“A globalização como horizonte de crescimento permanente e estável
acabou”, diz sociólogo
Os Estados Unidos aumentam as suas
tarifas, a Europa põe fim às empresas chinesas, os estados europeus
tornam-se acionistas de empresas estratégicas, o comércio internacional não
recupera os níveis pré-pandemia, as instituições europeias colocam dinheiro na
mesa para produzir chips e baterias no velho continente embora é mais caro do
que trazê-los da Ásia... A crise de 2008 mostrou-nos as costuras do neoliberalismo e o colapso das cadeias
logísticas globais durante a pandemia mostrou a fraqueza do mercado globalizado
que tem guiado o desenvolvimento económico nas últimas décadas.

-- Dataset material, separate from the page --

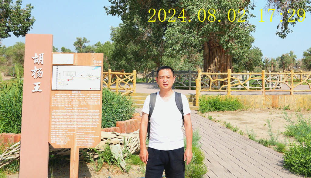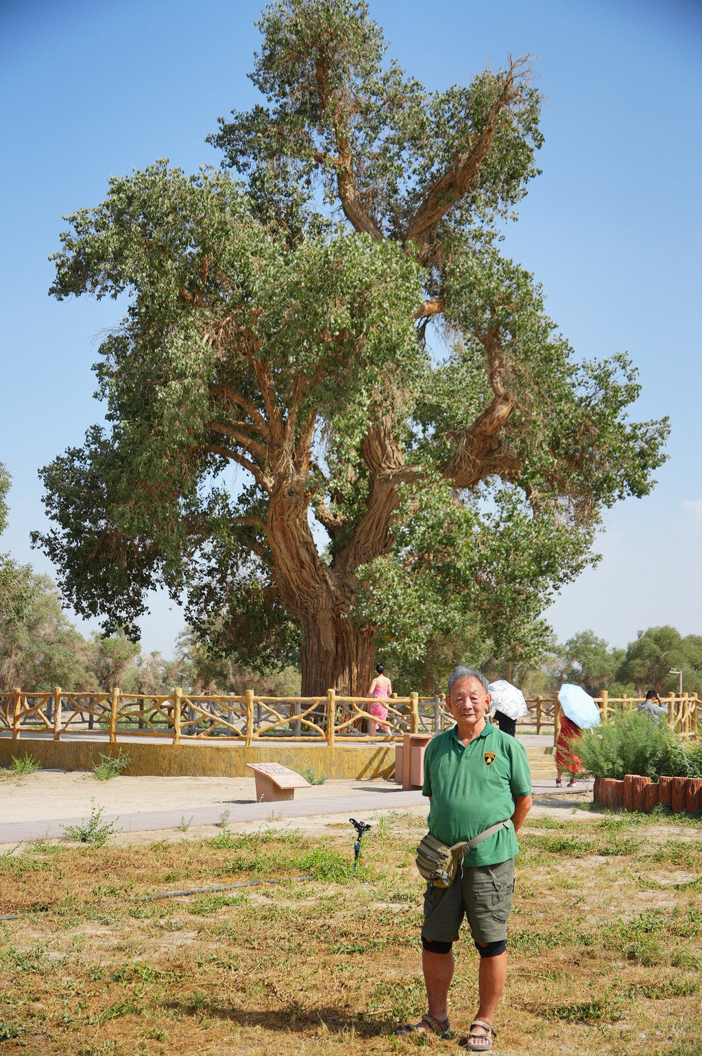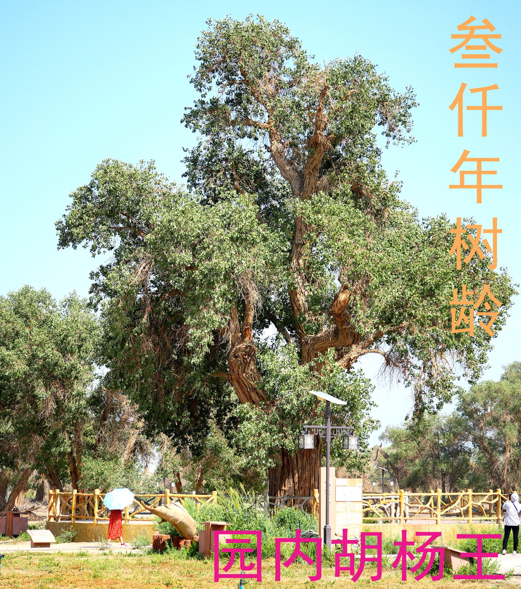 17:27,我们抵达观光车乘车点。距离发车还有十多分钟,工作人员推荐我们去看看旁边的“胡杨王”。它是园内最高大、最古老的胡杨,树龄已有3000多年。

Assistimos a um
processo de desglobalização, tudo muda e o Estado volta a ter um papel
crescente na economia.
Este regresso do Estado pode ser visto em
diferentes camadas da economia e da política (se é que essas duas coisas podem
ser separadas), mas também na cultura e nos novos aspectos políticos e sociais
que surgem da derrota do neoliberalismo. É o que analisa o italiano Paolo Gerbaudo em seu livro Controlar y proteger: El retorno del Estado (Verso,
2023).
<<<< Eis a entrevista.
·
Você escreveu um livro chamado Controlar y proteger: El retorno
del Estado. O Estado está voltando? Em que você se baseia? Que indicações
atualmente apoiam sua tese?
A tese do meu livro é uma provocação. Durante muito
tempo assumiu-se, em todos os debates, que o neoliberalismo estava a triunfar,
que o mercado estava a crescer e o Estado estava a tornar-se mais tênue, a
diminuir. O que era claramente a representação de um estado de sítio, de uma
verdade. Foi o que aconteceu nas últimas décadas, um triunfo do princípio do
mercado e da divisão do papel do Estado.
Mas desde a crise de 2008 assistimos a uma
tendência inversa a nível global, um regresso do papel do Estado em diferentes
setores, como o setor econômico com maior participação de empresas públicas.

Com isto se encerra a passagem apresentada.